__PROVIDED ENTRIES__.
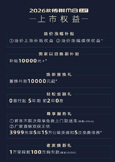 2026款传祺M8 2.0T焕新登场,单配置尊享版指导价18.98万,政企双补后16.98万起,豪华MPV打入16万级。 配置升级:新增L2级辅助驾驶、华为云桌面、CarPlay/Carlife,电镀件升级炝灰工艺,中控台换木纹,新增浅色内饰。二排航空座椅通风加热按摩、双侧电滑门、无风感空调全保留。 购车权益:油价补贴至高2000元、以旧换新+置换各补1万、0首付5年贷前2年0息,还有上门取送车与双保无忧。 不买新能源,20万以里想买个真7座MVP,这车现在挺合适,而且传祺M8有8年历史了,保值率在自主品牌里也排得上号,成熟可靠不踩坑。【来自懂车帝车友圈】
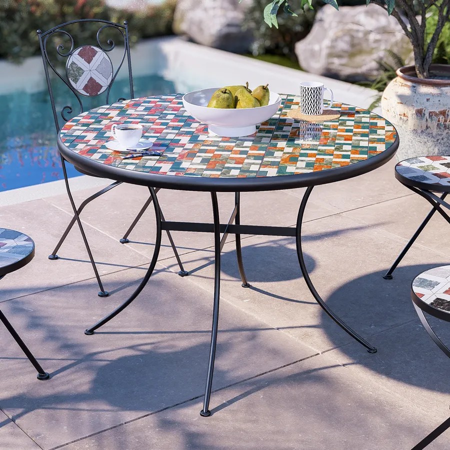 Tavolo da giardino rotondo 110 cm in metallo nero con mosaico patchwork in ceramica
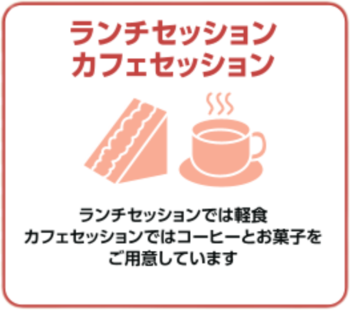 ランチセッションにお申込みいただくと、12時30分~13時10分の休憩時間に、軽食を日替わりで配布します。またカフェセッションでは、温かいコーヒーやお菓子をご用意しています。
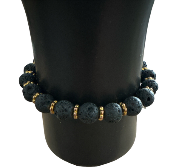 Das Armband besteht aus Schwarz Kunstperlen und dazwischen sind kleine goldene Perlen
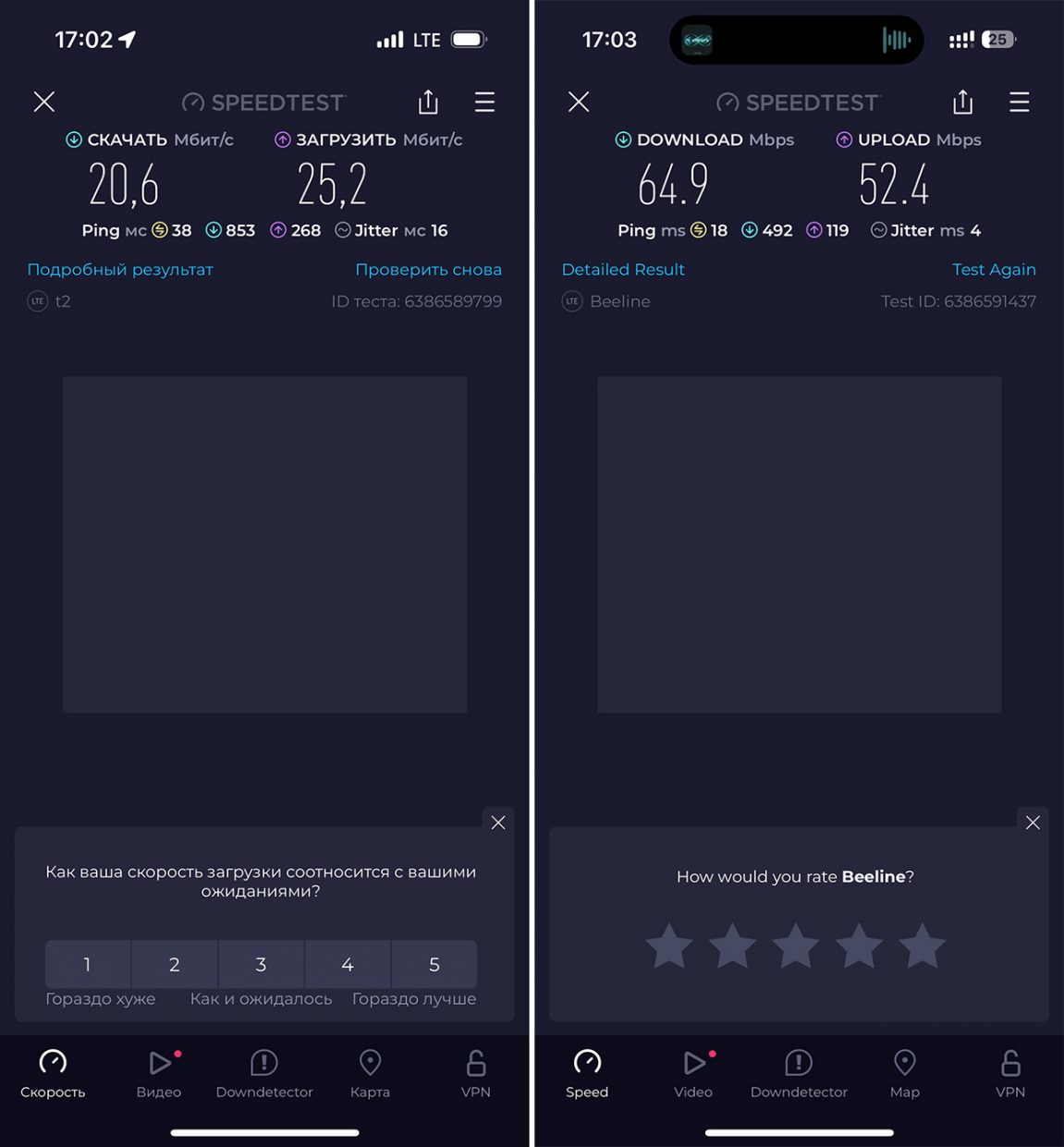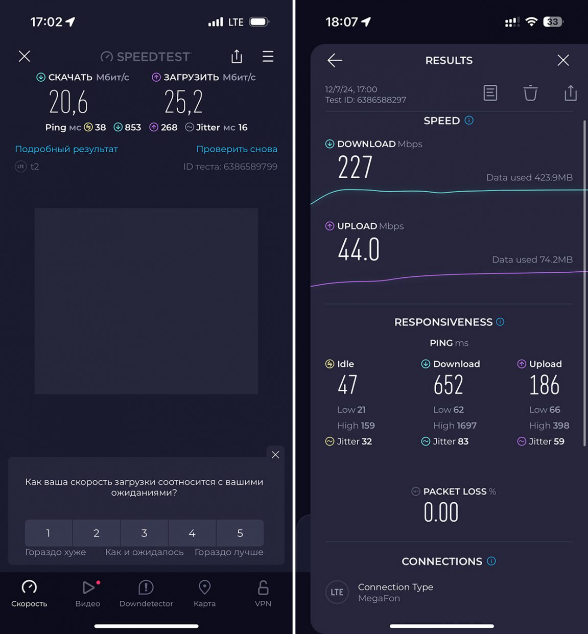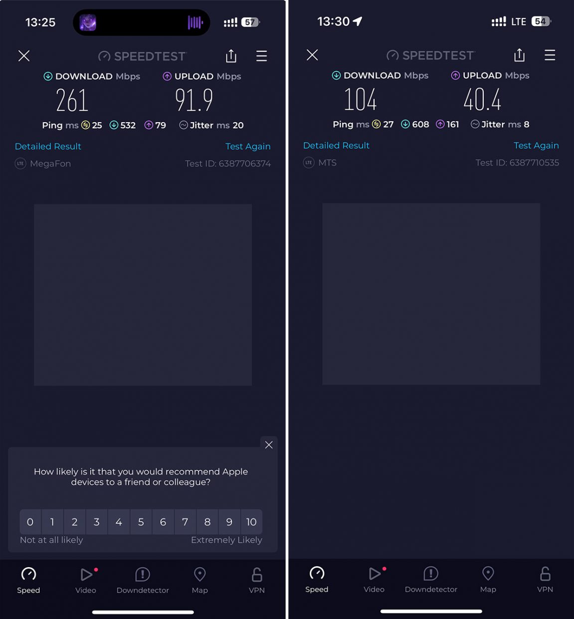 Чем тестировали: использовался известный сервис Speedtest.net от OOKLA, который доступен бесплатно в App Store.

__TASK ITEM__. Would you transcribe all of the entries above exactly, minus the images?

__PROBLEM SOLUTION__.
 2026款传祺M8 2.0T焕新登场,单配置尊享版指导价18.98万,政企双补后16.98万起,豪华MPV打入16万级。 配置升级:新增L2级辅助驾驶、华为云桌面、CarPlay/Carlife,电镀件升级炝灰工艺,中控台换木纹,新增浅色内饰。二排航空座椅通风加热按摩、双侧电滑门、无风感空调全保留。 购车权益:油价补贴至高2000元、以旧换新+置换各补1万、0首付5年贷前2年0息,还有上门取送车与双保无忧。 不买新能源,20万以里想买个真7座MVP,这车现在挺合适,而且传祺M8有8年历史了,保值率在自主品牌里也排得上号,成熟可靠不踩坑。【来自懂车帝车友圈】
 Tavolo da giardino rotondo 110 cm in metallo nero con mosaico patchwork in ceramica
 ランチセッションにお申込みいただくと、12時30分~13時10分の休憩時間に、軽食を日替わりで配布します。またカフェセッションでは、温かいコーヒーやお菓子をご用意しています。
 Das Armband besteht aus Schwarz Kunstperlen und dazwischen sind kleine goldene Perlen
 Чем тестировали: использовался известный сервис Speedtest.net от OOKLA, который доступен бесплатно в App Store.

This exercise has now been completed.